[What to produce] Before you reproduce the entries that follow, strip out any image they contain and keep the rest exact.

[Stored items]
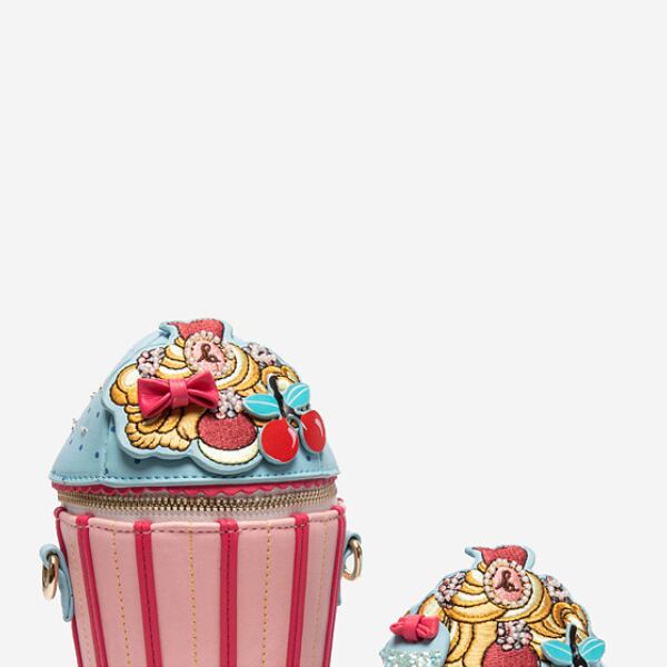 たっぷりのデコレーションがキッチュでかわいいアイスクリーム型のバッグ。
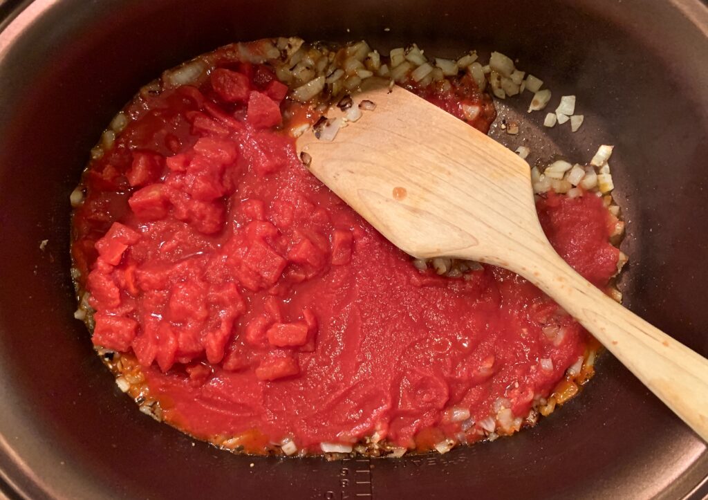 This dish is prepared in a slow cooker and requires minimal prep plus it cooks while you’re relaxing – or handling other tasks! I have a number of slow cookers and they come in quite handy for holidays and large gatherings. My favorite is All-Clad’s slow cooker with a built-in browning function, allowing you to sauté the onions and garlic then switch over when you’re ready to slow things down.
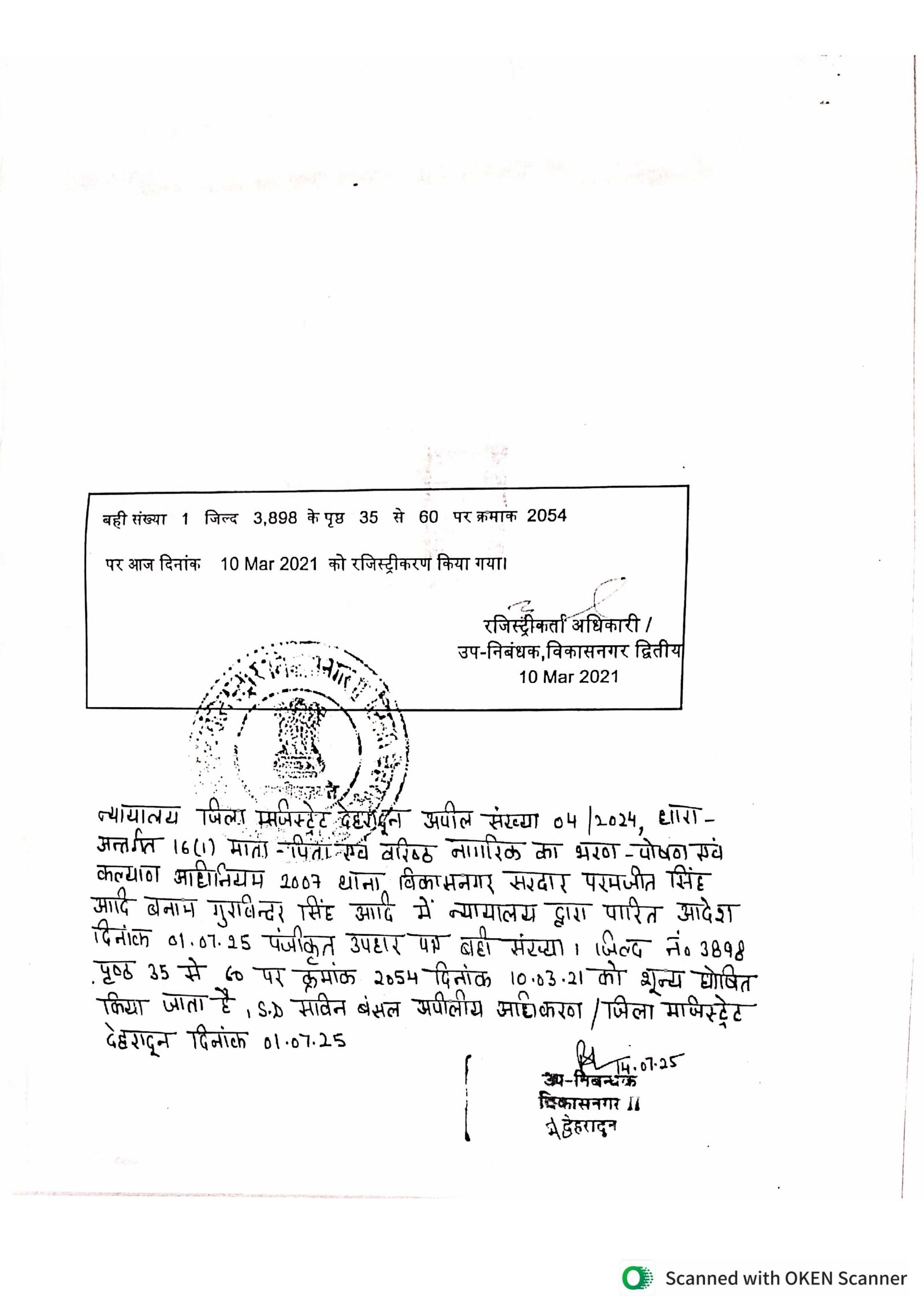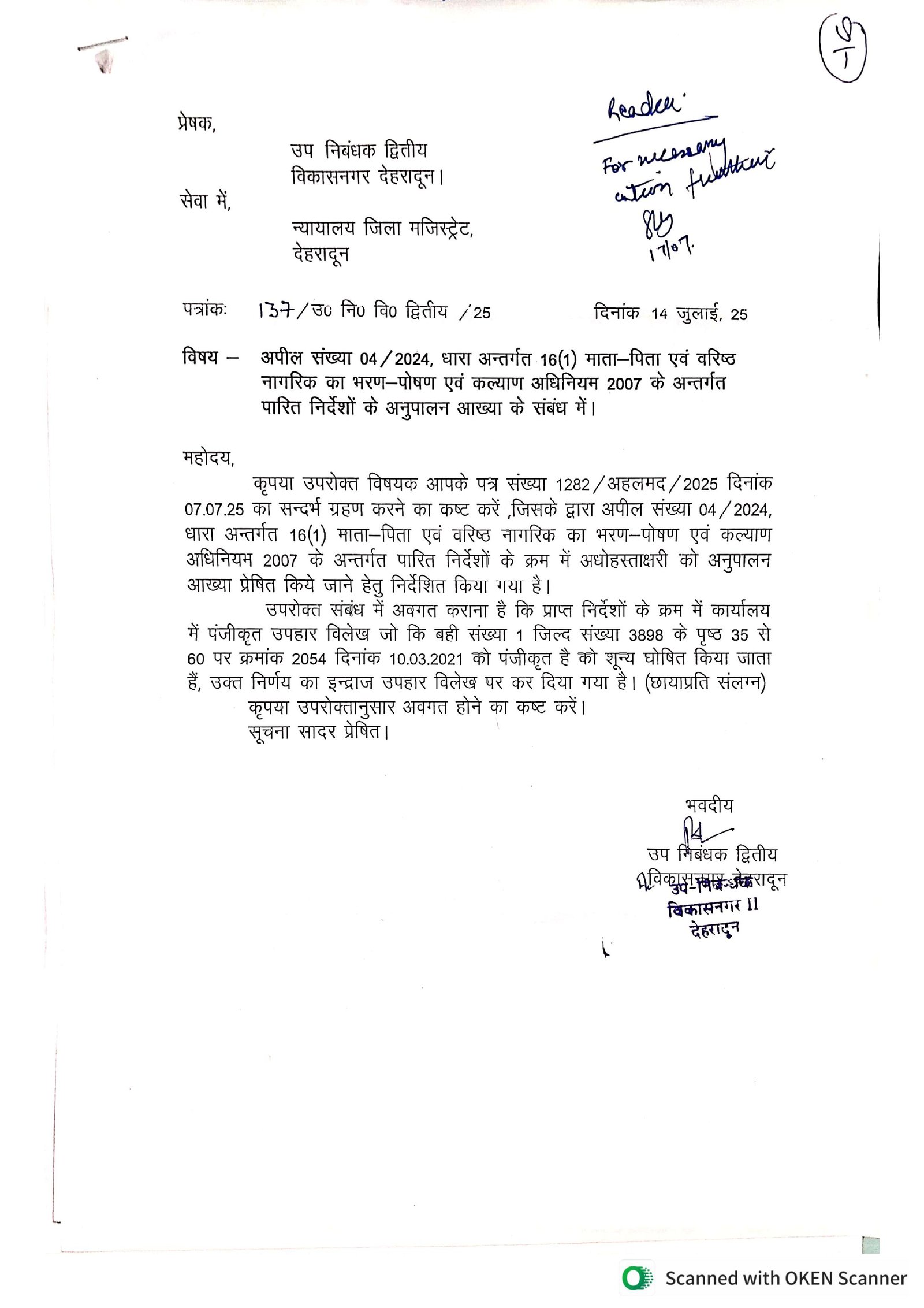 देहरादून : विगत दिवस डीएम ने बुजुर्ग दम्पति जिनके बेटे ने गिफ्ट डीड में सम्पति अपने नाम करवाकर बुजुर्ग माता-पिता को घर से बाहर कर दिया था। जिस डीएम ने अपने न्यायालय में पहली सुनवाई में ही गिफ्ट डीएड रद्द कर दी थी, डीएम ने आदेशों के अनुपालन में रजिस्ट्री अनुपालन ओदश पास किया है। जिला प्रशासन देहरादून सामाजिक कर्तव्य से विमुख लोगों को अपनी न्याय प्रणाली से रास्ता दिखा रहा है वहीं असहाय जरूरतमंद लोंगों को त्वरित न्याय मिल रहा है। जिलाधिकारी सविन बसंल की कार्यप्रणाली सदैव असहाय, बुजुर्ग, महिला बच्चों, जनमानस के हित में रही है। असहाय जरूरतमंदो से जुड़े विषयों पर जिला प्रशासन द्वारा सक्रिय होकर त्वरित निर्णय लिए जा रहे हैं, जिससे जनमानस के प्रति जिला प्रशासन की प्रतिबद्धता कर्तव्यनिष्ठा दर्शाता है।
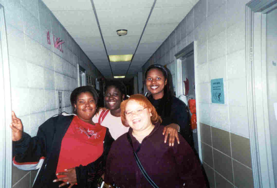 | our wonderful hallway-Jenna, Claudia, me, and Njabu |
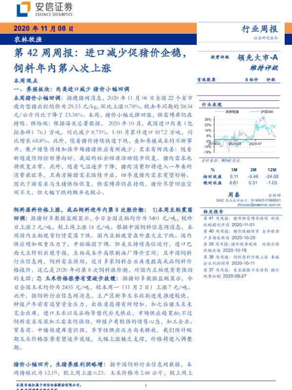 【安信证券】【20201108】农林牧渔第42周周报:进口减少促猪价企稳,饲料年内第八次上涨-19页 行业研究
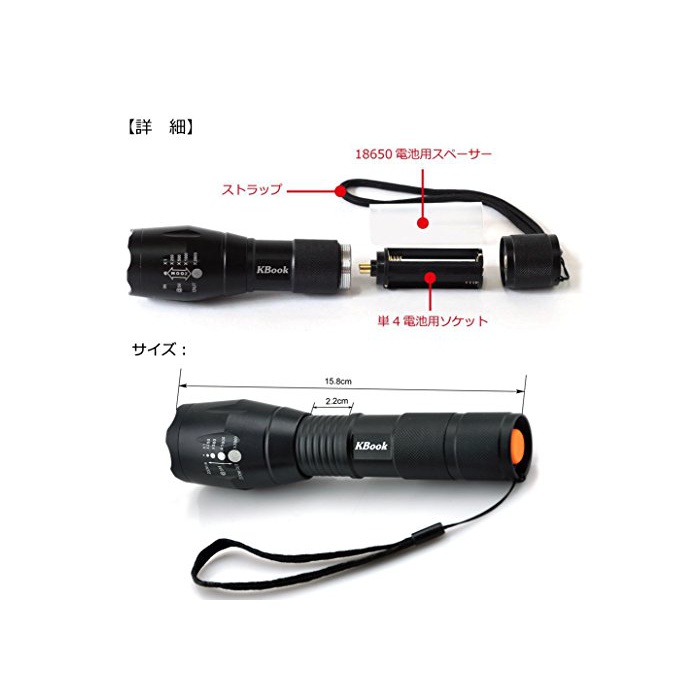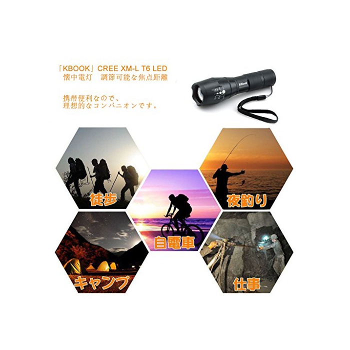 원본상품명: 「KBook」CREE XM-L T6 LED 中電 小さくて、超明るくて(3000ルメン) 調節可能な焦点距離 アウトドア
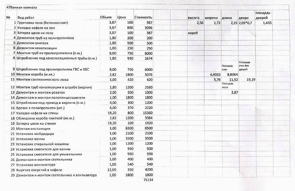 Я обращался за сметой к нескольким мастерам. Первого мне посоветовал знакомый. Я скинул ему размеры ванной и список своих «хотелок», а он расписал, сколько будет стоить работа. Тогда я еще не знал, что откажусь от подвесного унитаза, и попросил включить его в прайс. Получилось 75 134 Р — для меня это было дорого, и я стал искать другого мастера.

[Result of this task]
 たっぷりのデコレーションがキッチュでかわいいアイスクリーム型のバッグ。
 This dish is prepared in a slow cooker and requires minimal prep plus it cooks while you’re relaxing – or handling other tasks! I have a number of slow cookers and they come in quite handy for holidays and large gatherings. My favorite is All-Clad’s slow cooker with a built-in browning function, allowing you to sauté the onions and garlic then switch over when you’re ready to slow things down.
 देहरादून : विगत दिवस डीएम ने बुजुर्ग दम्पति जिनके बेटे ने गिफ्ट डीड में सम्पति अपने नाम करवाकर बुजुर्ग माता-पिता को घर से बाहर कर दिया था। जिस डीएम ने अपने न्यायालय में पहली सुनवाई में ही गिफ्ट डीएड रद्द कर दी थी, डीएम ने आदेशों के अनुपालन में रजिस्ट्री अनुपालन ओदश पास किया है। जिला प्रशासन देहरादून सामाजिक कर्तव्य से विमुख लोगों को अपनी न्याय प्रणाली से रास्ता दिखा रहा है वहीं असहाय जरूरतमंद लोंगों को त्वरित न्याय मिल रहा है। जिलाधिकारी सविन बसंल की कार्यप्रणाली सदैव असहाय, बुजुर्ग, महिला बच्चों, जनमानस के हित में रही है। असहाय जरूरतमंदो से जुड़े विषयों पर जिला प्रशासन द्वारा सक्रिय होकर त्वरित निर्णय लिए जा रहे हैं, जिससे जनमानस के प्रति जिला प्रशासन की प्रतिबद्धता कर्तव्यनिष्ठा दर्शाता है।
 | our wonderful hallway-Jenna, Claudia, me, and Njabu |
 【安信证券】【20201108】农林牧渔第42周周报:进口减少促猪价企稳,饲料年内第八次上涨-19页 行业研究
 원본상품명: 「KBook」CREE XM-L T6 LED 中電 小さくて、超明るくて(3000ルメン) 調節可能な焦点距離 アウトドア
 Я обращался за сметой к нескольким мастерам. Первого мне посоветовал знакомый. Я скинул ему размеры ванной и список своих «хотелок», а он расписал, сколько будет стоить работа. Тогда я еще не знал, что откажусь от подвесного унитаза, и попросил включить его в прайс. Получилось 75 134 Р — для меня это было дорого, и я стал искать другого мастера.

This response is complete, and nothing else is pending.